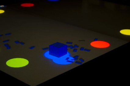 The installation featured two types of tangible objects: Cubes and stylized Buildings. Along the edge of the table, a series of colored circles provided interaction points. When first placed on the table, all tangibles appeared white. Cubes constantly emitted virtual bricks onto the surface. Moving a cube into one of the colored circles, changed the color of the cube, and the bricks it sprayed matched the new hue. When two colored cubes approached each other, they flickered and swapped colors. Bringing a cube near a building applied a layer of bricks in the cube’s color, allowing users to paint buildings with multiple layers. Once a building was fully colored from bottom to top, it triggered a bright flash, scattering surrounding virtual bricks in an explosive effect - see video below.
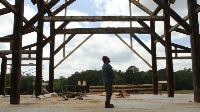 Mark and the guys travel to Patrick, S.C., to build a huge wedding pavilion, the biggest timber frame they've ever created; on a job this big, they need some extra help so they bring along Mark's latest hire and have fun teaching the new kid.
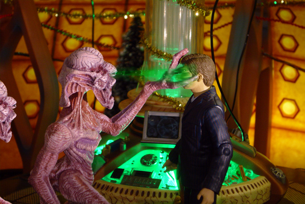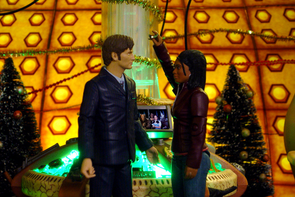 Soon after, the Doctor and Martha are sitting in the TARDIS. Martha is putting some baubles on the tree. The Doctor says that the TARDIS could have done that, but Martha says it needs her touch! The TARDIS’s taste is a bit … old fashioned. ‘See what your fashion taste is like when you’re over 1000!’ replies the Doctor. Martha asks what happened to the D’Akora. The Doctor explains that the D’Akora exist in another dimension and are attracted to sources of psychic energy, just like the TARDIS. Inside the TARDIS he could defeat them, but he says that outside it’s a different matter. He hopes they don’t meet them again. Martha asks whether the Celestial Toymaker will try to trap the Doctor again. The Doctor says that the Toymaker has faded from time and space. The trap was a last chance for revenge. And it would have worked if it wasn’t for Martha! ‘And some friends…’ Martha adds.
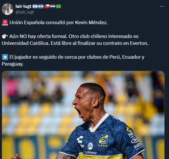 “Unión Española consultó por Kevin Méndez. Aún no hay oferta formal. Otro club chileno interesado es Universidad Católica. Está libre al finalizar su contrato en Everton. El jugador es seguido de cerca por clubes de Perú, Ecuador y Paraguay”, informó.
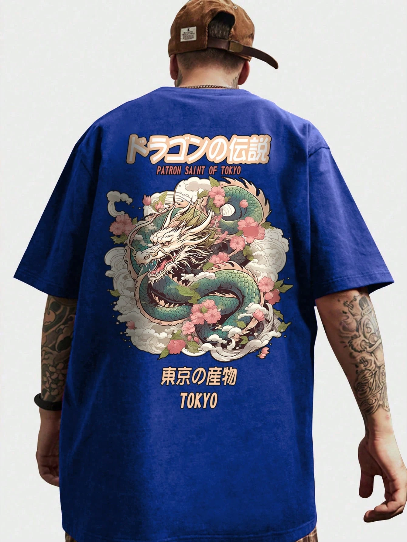 Anime Men Loose Fit Drop Shoulder Dragon Printed Casual T-Shirt
=======
» EXERCISE DIRECTIONS
Would you reproduce the lines above, from the very first through the line containing "Soon after, the", exactly and without the pictures?

» ANSWER BELOW
 The installation featured two types of tangible objects: Cubes and stylized Buildings. Along the edge of the table, a series of colored circles provided interaction points. When first placed on the table, all tangibles appeared white. Cubes constantly emitted virtual bricks onto the surface. Moving a cube into one of the colored circles, changed the color of the cube, and the bricks it sprayed matched the new hue. When two colored cubes approached each other, they flickered and swapped colors. Bringing a cube near a building applied a layer of bricks in the cube’s color, allowing users to paint buildings with multiple layers. Once a building was fully colored from bottom to top, it triggered a bright flash, scattering surrounding virtual bricks in an explosive effect - see video below.
 Mark and the guys travel to Patrick, S.C., to build a huge wedding pavilion, the biggest timber frame they've ever created; on a job this big, they need some extra help so they bring along Mark's latest hire and have fun teaching the new kid.
 Soon after, the Doctor and Martha are sitting in the TARDIS. Martha is putting some baubles on the tree. The Doctor says that the TARDIS could have done that, but Martha says it needs her touch! The TARDIS’s taste is a bit … old fashioned. ‘See what your fashion taste is like when you’re over 1000!’ replies the Doctor. Martha asks what happened to the D’Akora. The Doctor explains that the D’Akora exist in another dimension and are attracted to sources of psychic energy, just like the TARDIS. Inside the TARDIS he could defeat them, but he says that outside it’s a different matter. He hopes they don’t meet them again. Martha asks whether the Celestial Toymaker will try to trap the Doctor again. The Doctor says that the Toymaker has faded from time and space. The trap was a last chance for revenge. And it would have worked if it wasn’t for Martha! ‘And some friends…’ Martha adds.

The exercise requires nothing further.